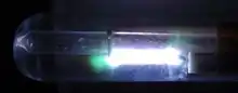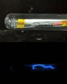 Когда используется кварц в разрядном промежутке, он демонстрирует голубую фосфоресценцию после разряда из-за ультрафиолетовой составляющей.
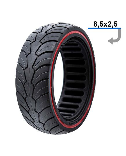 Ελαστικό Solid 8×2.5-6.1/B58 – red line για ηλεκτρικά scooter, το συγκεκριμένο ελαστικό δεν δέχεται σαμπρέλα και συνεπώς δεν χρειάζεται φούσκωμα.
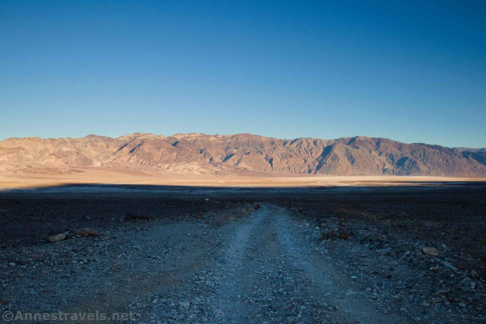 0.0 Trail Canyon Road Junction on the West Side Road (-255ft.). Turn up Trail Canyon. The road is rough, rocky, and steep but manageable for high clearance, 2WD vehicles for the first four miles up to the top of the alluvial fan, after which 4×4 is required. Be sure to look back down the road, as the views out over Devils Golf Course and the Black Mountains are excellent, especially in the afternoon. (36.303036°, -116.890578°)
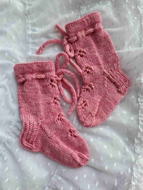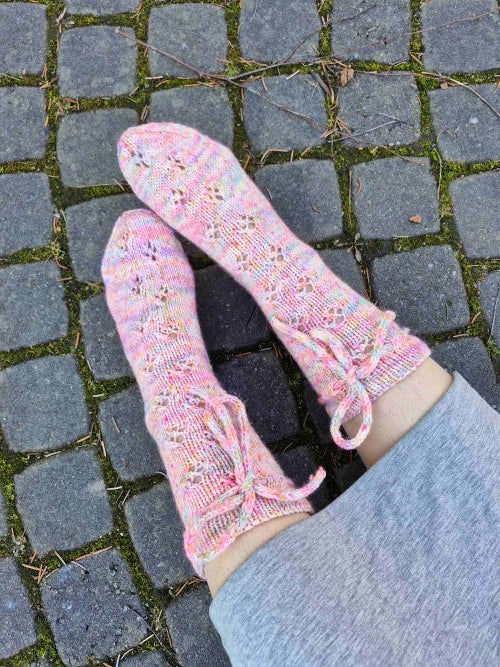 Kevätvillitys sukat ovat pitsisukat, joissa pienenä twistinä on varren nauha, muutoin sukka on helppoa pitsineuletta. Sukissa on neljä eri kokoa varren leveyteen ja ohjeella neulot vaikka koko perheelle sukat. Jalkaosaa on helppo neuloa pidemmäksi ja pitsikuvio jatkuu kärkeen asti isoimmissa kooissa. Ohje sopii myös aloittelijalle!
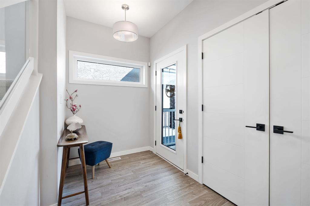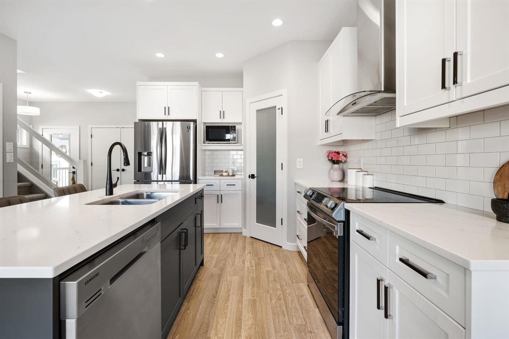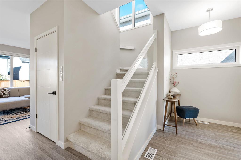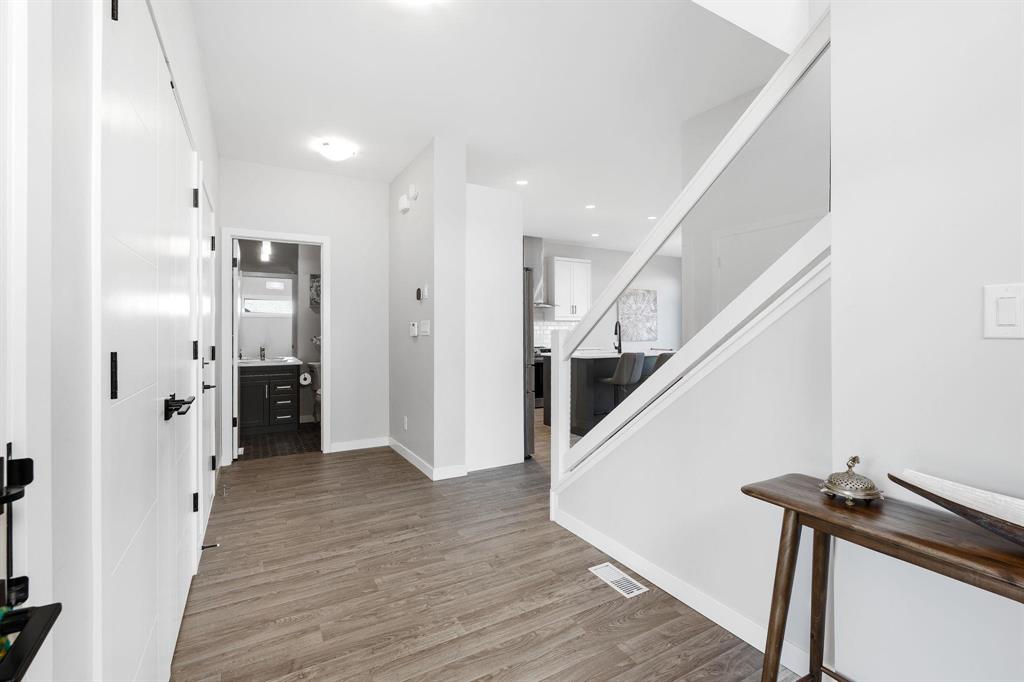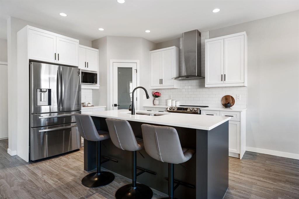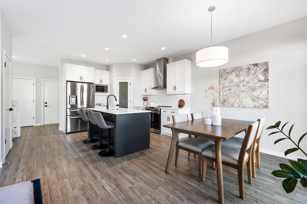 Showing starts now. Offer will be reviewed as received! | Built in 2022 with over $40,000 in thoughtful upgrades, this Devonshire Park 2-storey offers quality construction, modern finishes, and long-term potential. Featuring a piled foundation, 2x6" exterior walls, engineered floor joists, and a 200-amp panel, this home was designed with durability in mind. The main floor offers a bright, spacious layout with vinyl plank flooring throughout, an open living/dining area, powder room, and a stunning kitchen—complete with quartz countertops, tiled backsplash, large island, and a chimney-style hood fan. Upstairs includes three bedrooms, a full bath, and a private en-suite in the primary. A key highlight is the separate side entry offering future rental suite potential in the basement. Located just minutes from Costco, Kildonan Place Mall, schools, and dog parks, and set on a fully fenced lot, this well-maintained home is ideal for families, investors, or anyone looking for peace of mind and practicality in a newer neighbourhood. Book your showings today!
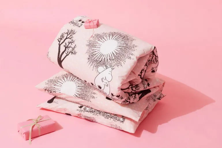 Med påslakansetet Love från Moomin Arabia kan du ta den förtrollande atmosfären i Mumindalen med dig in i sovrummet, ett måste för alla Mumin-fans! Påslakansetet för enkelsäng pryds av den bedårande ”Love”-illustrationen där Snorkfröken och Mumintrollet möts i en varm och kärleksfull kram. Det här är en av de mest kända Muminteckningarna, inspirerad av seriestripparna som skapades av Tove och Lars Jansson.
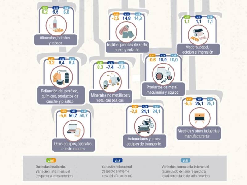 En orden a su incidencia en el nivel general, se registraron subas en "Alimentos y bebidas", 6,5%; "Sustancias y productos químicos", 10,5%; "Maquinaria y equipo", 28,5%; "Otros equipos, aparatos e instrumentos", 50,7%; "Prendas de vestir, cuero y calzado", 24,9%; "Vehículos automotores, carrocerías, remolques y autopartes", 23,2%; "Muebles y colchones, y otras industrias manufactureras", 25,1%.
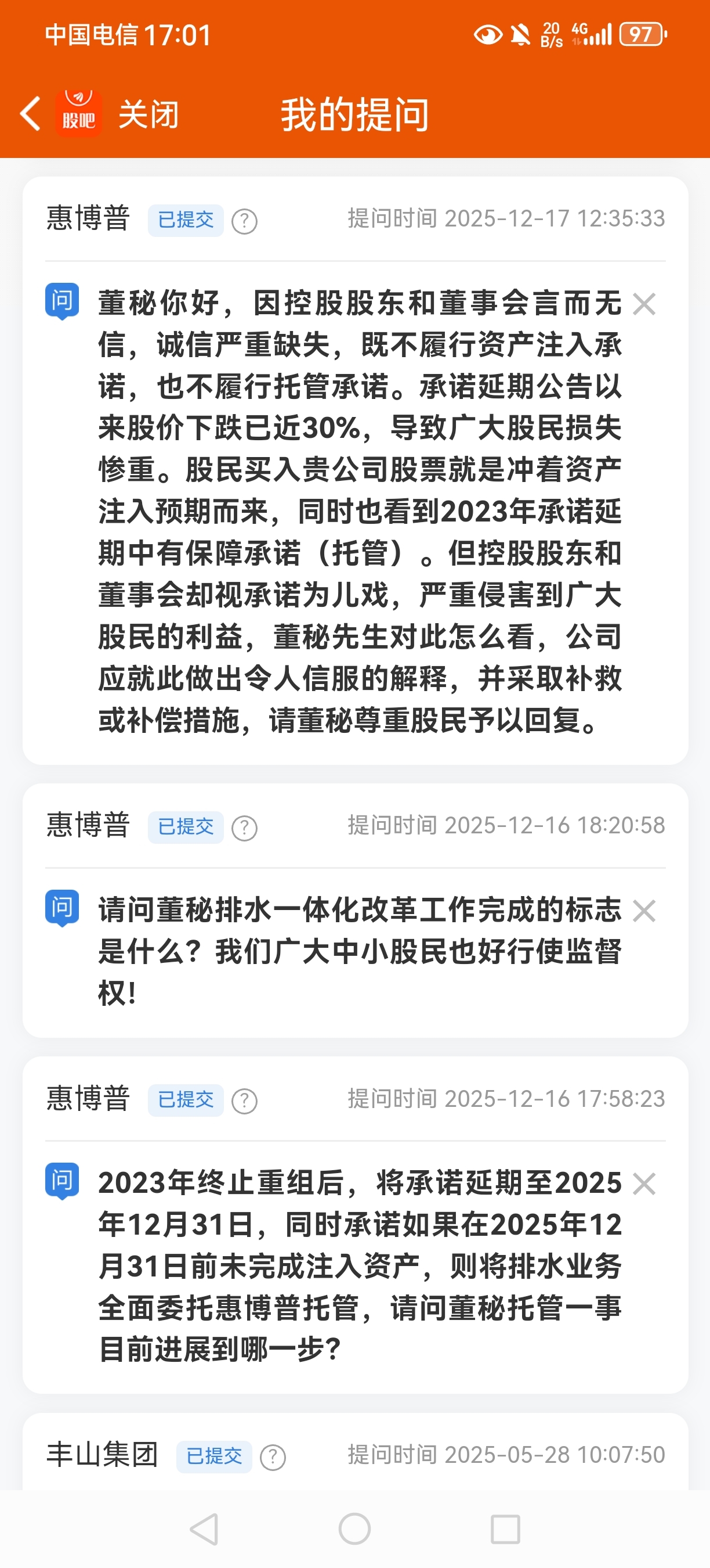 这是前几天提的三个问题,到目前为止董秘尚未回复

▬▬▬

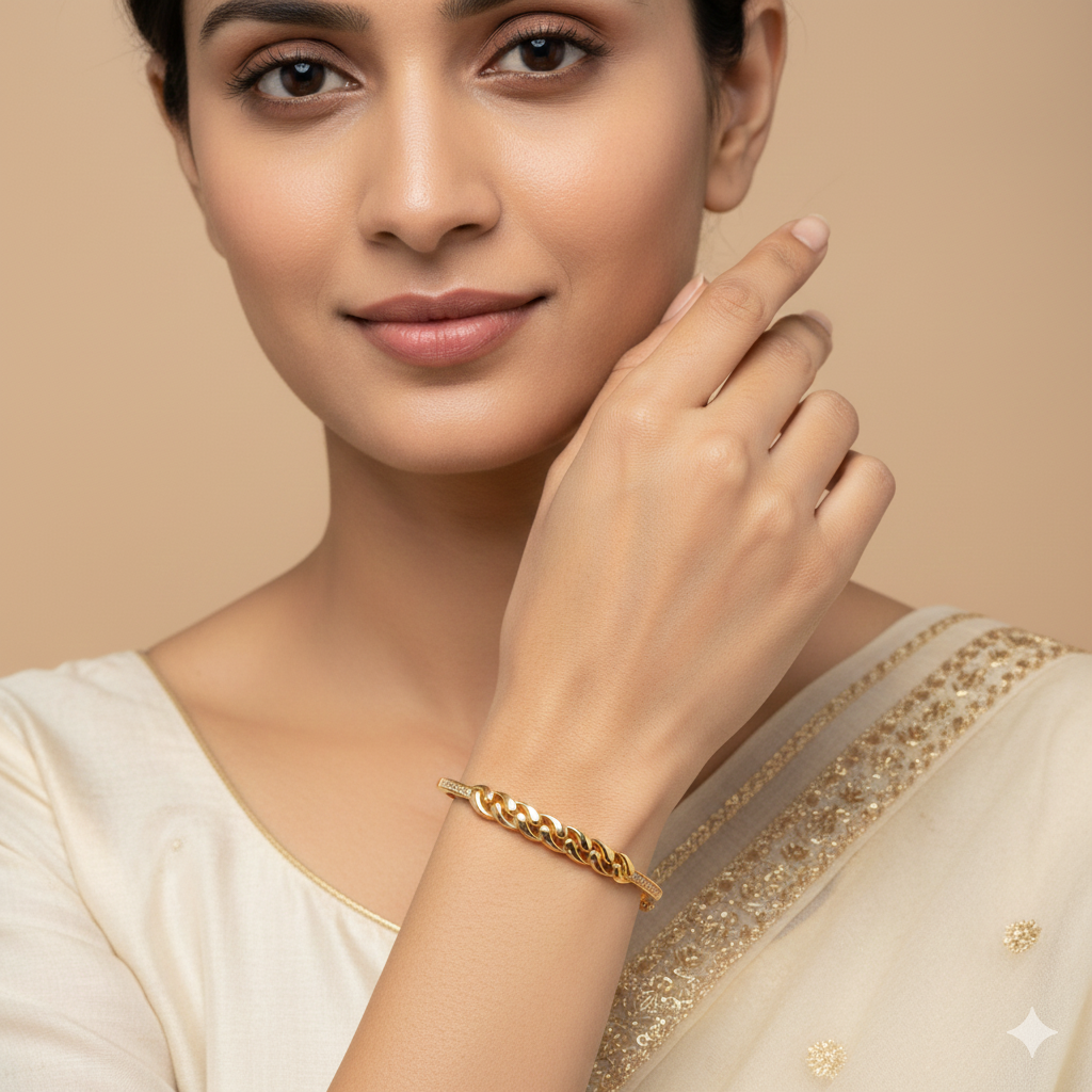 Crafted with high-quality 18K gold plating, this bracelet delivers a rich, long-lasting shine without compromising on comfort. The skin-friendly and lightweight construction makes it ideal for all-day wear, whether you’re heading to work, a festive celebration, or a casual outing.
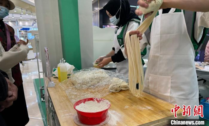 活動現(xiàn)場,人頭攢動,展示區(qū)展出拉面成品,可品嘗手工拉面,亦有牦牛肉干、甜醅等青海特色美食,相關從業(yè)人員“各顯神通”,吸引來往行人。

▬▬▬

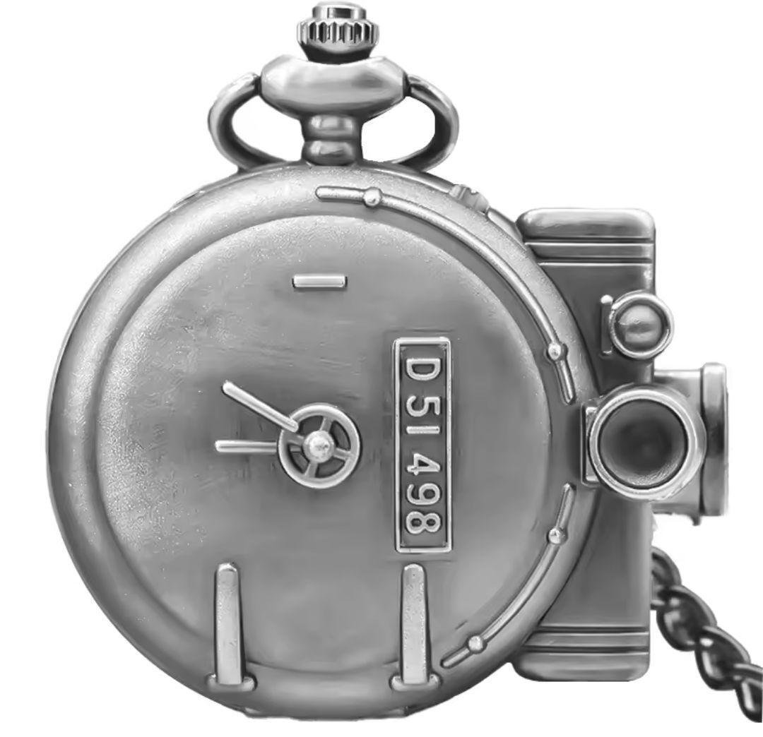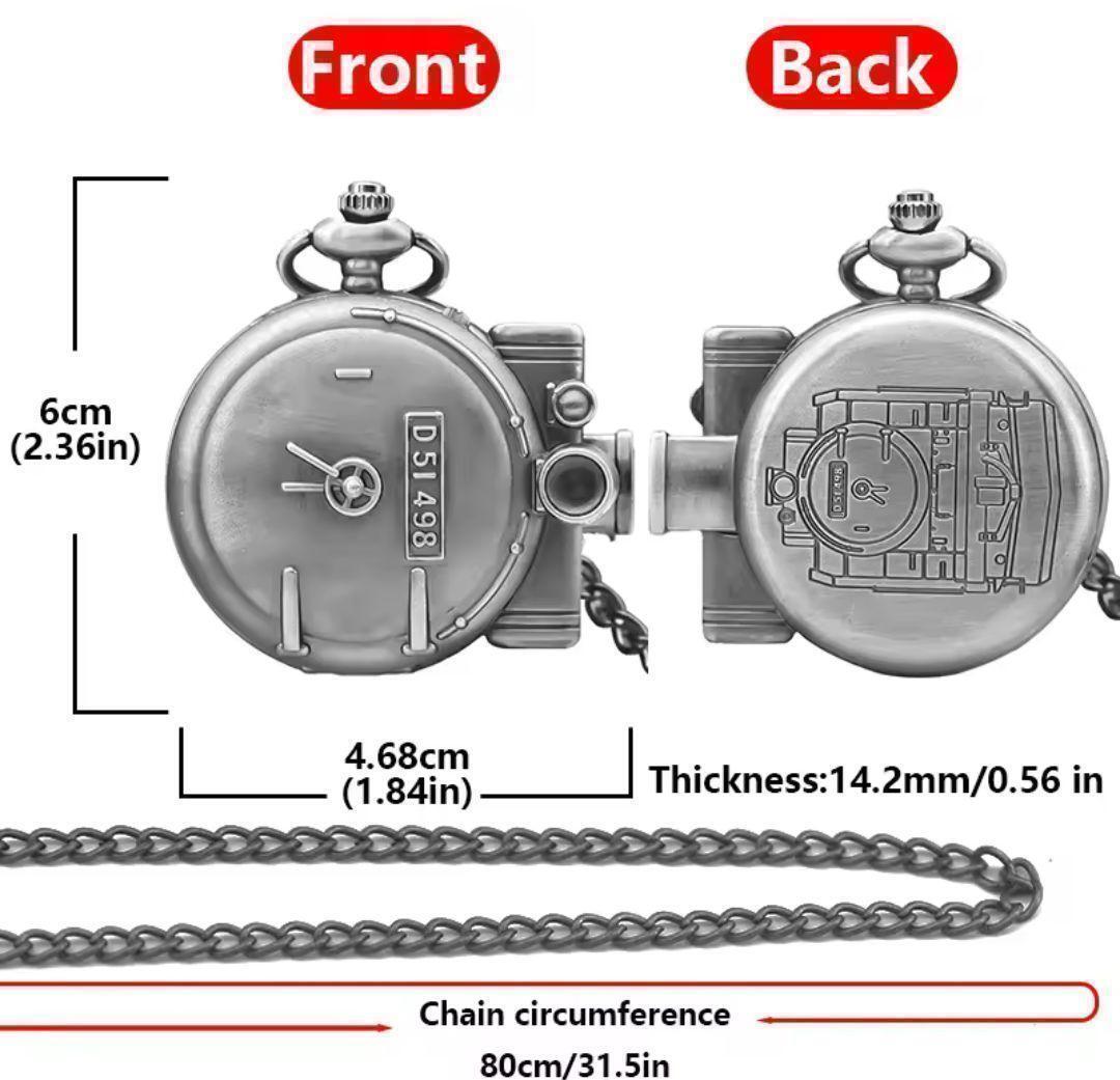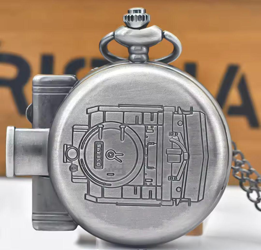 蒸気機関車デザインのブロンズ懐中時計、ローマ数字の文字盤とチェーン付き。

▬▬▬

Task item: Print, exactly and with no pictures, the lines of the listing above starting at the one that has "Crafted with high-quality" and ending at the one that has "活動現(xiàn)場,人頭攢", both included.

Response area:
 Crafted with high-quality 18K gold plating, this bracelet delivers a rich, long-lasting shine without compromising on comfort. The skin-friendly and lightweight construction makes it ideal for all-day wear, whether you’re heading to work, a festive celebration, or a casual outing.
 活動現(xiàn)場,人頭攢動,展示區(qū)展出拉面成品,可品嘗手工拉面,亦有牦牛肉干、甜醅等青海特色美食,相關從業(yè)人員“各顯神通”,吸引來往行人。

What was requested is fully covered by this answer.